Why? Ubiquity is one of the best systems out there unless you want to waste money on Dragonwave.

When Ubiquity started at the time the Atheros chipset was known to have vastly more capability than if you just used it as a WiFi 802.11A/B/G as intended. Ubiquity got far more bandwidth and power out of it and did meshing almost before anyone else using Atheros chips in sort of “raw” mode. Their radios were small and inexpensive. The only real downside is the Atheros chipset wasn’t particularly good at not bleeding all over the band. That was 15 years ago or more. They cleaned up the channel issues and have perfected MIMO to the point where Dragonwave is now the underdog. Wireless ISPs out West use thousands of them.

I’ve used it all the time in 24x7 continuous operations. No issues.

The only complication is the original Airmax is the original product. Unifi is the old Motorola Canopy system. Unifi LOOkS like it requires a server to work and initially it does but once set up it doesn’t need it except for maintenance. Airmax is just solid.

There are minor issues that you run into from time to time but there are always easy workarounds.

Most good commercial/industrial radios use PoE. It’s just easy. As far as voltage drop it is not a problem up to the limit on Ethernet (100 meters). The injectors modulate/control the output so voltage dips within UL standard conditions (110 V +10%/-15%) are designed in.


----------



## cuba_pete (Dec 8, 2011)

Anoth said:


> I would like to add one new UPS dc protected outlet ckt and one existing ethernet PoE cat7 cable parallel in one existing conduit around 20 feet to an existing outside network breakout 12 inch junction box. The ups ckt addition is for for three 45w PoE injector brick loads to sit in that box (for 3 other downline PoE splitters switches) and one PoE cat 7 from a PoE switch on that same UPS source (existing poe camera).
> 
> Considering the existing 3/4" conduit, perhaps using 14awg cable with existing cat7 ethernet or use single THHN conductors for 120vdc if necessary for sizing space. Cordcaps and ground.
> 
> ...


You'd be hard-pressed to have any problem with high-frequency interference as long as your cat7 connectors are properly terminated/bonded. Common mode interference could be reduced by using electrically-common grounding/bonding connections i.e., using the same source for all of the devices and grounding/bonding them in a single-point configuration (this is above and beyond). This way you'd hit the three big ones: ground, bond, and shield.

If you're really that interested or concerned you can take readings with/without before/after each device is connected to the system, and include the network active/inactive, etc. A short real-world white paper/report could be added to the ET Electrical Resources section. Scope readings would likely be most beneficial.


----------



## Anoth (Oct 27, 2021)

Thanks for the replies. I like this site!

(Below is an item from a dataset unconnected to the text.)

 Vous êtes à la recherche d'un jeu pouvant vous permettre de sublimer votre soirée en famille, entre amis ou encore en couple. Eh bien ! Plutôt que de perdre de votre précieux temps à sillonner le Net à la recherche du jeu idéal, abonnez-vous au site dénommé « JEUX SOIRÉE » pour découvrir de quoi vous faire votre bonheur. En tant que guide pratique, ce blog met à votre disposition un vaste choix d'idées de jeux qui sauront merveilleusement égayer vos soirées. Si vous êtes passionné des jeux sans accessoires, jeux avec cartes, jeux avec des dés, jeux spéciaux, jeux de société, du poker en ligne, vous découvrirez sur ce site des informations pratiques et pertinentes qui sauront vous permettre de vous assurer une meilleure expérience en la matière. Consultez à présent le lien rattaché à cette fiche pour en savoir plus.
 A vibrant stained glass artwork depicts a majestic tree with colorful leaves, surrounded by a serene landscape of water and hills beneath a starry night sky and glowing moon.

As a veteran industrial automation electrician, instrumentation / SCADA programmer and IT Systems Analyst for 40+ years I still concern myself with conduit fill rules. Shielding one end and traditional grounding. And especially surge.

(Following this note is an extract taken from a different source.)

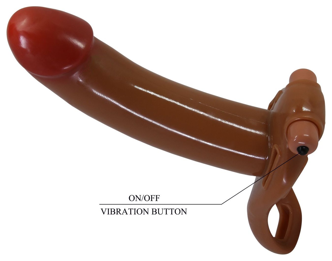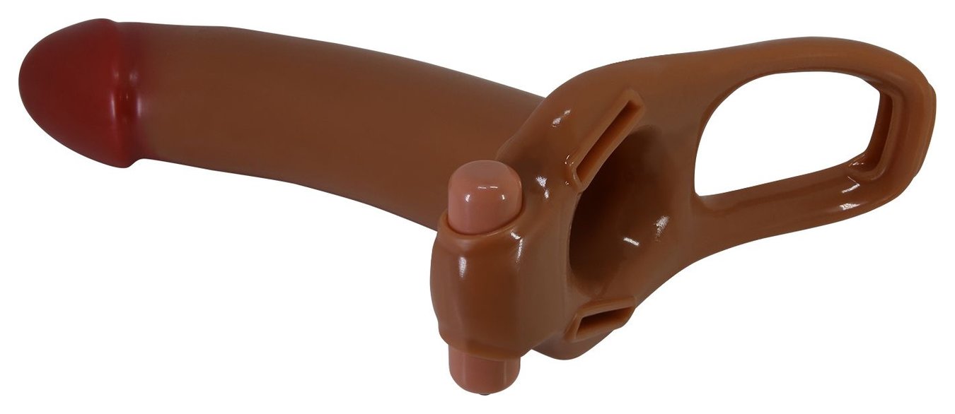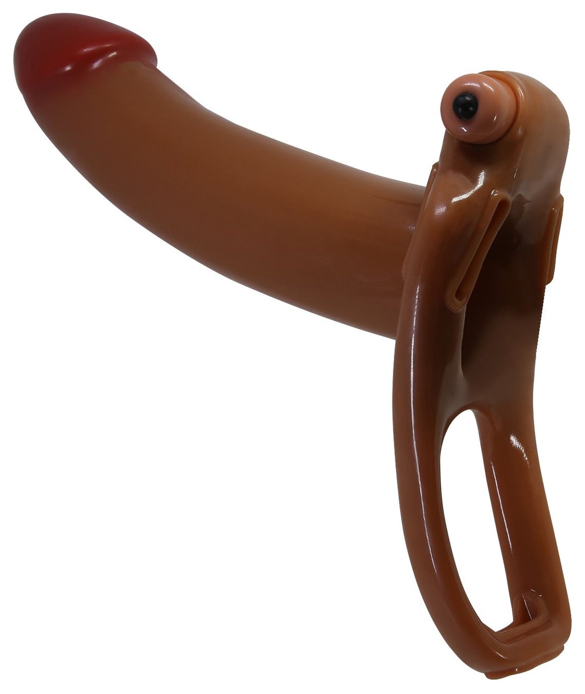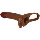 Мужской полый страпон с насадкой цвета карамели Bradden - 17,1 см
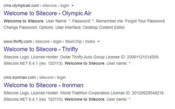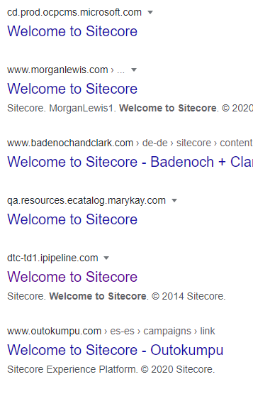 Try this in google:[site:*.com/sitecore/login "Welcome to Sitecore"](https://www.google.com/search?q=site%3A*.com%2Fsitecore%2Flogin+%22Welcome+to+Sitecore%22)

In this question I was trying to wrap up a big network branch changeover with 120vdc from a UPS (THHN) along side one or two flat cat8. to fill a 3/4" 15 foot section up from an IT PoE closet switch area inside an old brick house & into an outside metal 12x12 junction box up at 1st floor eave and beyond. 

My concern was:

Interference - no AC, so no code issues I figured.
Ability to fit the three 120vdc UPS fed conductors and ethernet 48vdc PoE cables in an existing 3/4" emt straight run.

The jb will have a 6 outlet strip, perhaps no necessary surge protection there. This strip will power:
Ubiquiti USW-MINI, which feeds ethernet to Ubiquiti POE-50-60-W (3) to run to 3 areas' USW-FLEX partners that pass PoE to multiple cameras and UAP-IW-HD and UAP-FLEX-HD AP's, and other non PoE devices along the way. All cat.8. The PoE and other ethernet devices are temporarily running ad hoc and work fine at cat.6e. The brick house being 105 years of age I am lucky to have good quality receptacles but had at one time very bad store bought wifi capability. 

By using trunk branches to form hard wire uplinks from a UDM-US/UAP collection along with Ubiquiti BEACONs the wifi is now a strong durable and managed MU-MIMO 4x4 mesh for a full property in/out connect ability. 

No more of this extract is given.